In its findings on a study regarding the basis of high sugar prices in Zambia and three other countries recently, ACF says the country’s policy to block imports has also contributed to the rising domestic prices of the commodity. The consumer watchdog stated that sugar prices in Zambia have more than doubled over the last decade as the dominant producer Zambia Sugar Plc is selling the commodity at significantly higher prices in the domestic market.
“Zambia has been able to sustain prices well above the world market price as well largely as a result of market power vested in one firm, without imports to moderate the domestic price. “Producers also have the ability to price domestic sugar at the highest cost with high margins, even though the country is a low-cost sugar producer,” ACF said in its findings tabled at a recent conference in Marrakesh, Morocco.
Recent research findings by the Consumers Unit Trust Society (CUTS) International Lusaka show that the prices of sugar in Zambia are higher than expected and do not reflect the high productivity in the sector.
The result confirms findings of other studies by other organisations, including the market regulators, which show that sugar prices in Zambia are relatively higher than expected.
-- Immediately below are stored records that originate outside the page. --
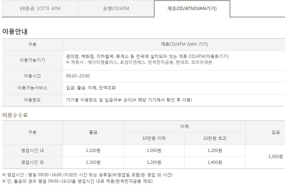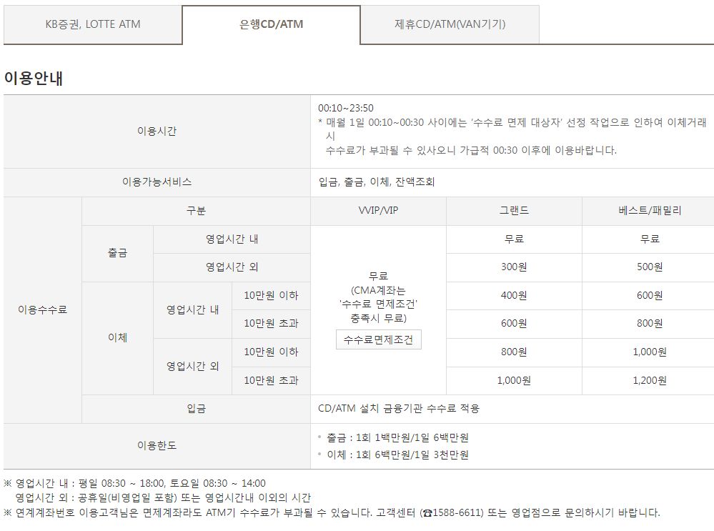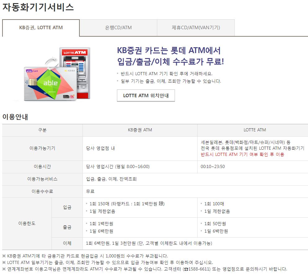 KB증권: 자동화기기서비스: 롯데ATM에서 입금/출금/이체수수료 무료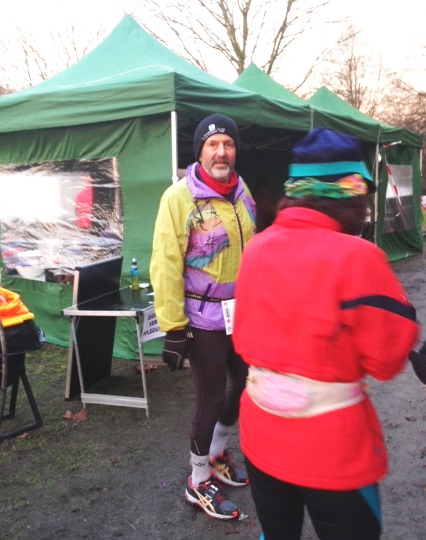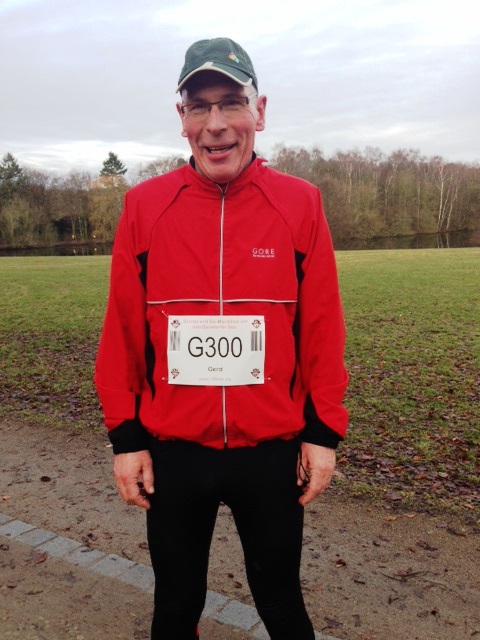 Dann hörte ich ein freundliches „Hallo, Gunla!“ hinter mir. Das war Gerd Junker, der sich freute, als er mich sah und sich Zeit nahm, um mit mir zu klönen. Ich machte von ihm ein Foto. Er hatte die Startnummer 300, da er heute seinen 300. M/U lief. Herzlichen Glückwunsch, Gerd! Heute waren alle 100 MC-Läufer in Trainingslaune. Keiner der Läufer schien es besonders eilig zu haben.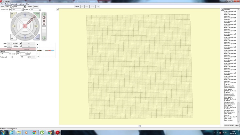 Sziasztok olyan kérdésem lenne hogy Pronterface mindeg ezt a error kódot dobja ki!!(unsopperted statement ) ennek mi lehet az oka??

ACF study was extended to Kenya, Tanzania and South Africa. Meanwhile, the Zambia Consumer Association (ZACA) has said the players in the market are exploiting the consumers using the liberalised market concept.
ZACA executive director Samuel Simutunda said in an interview that an average family of six was spending close to K50 on sugar within one month and this was exorbitant.
“We also carried out a research on the causes of sugar costing and our findings were that producers are taking advantage of operating in a liberalised economy with the primary interest of making profits,” he said.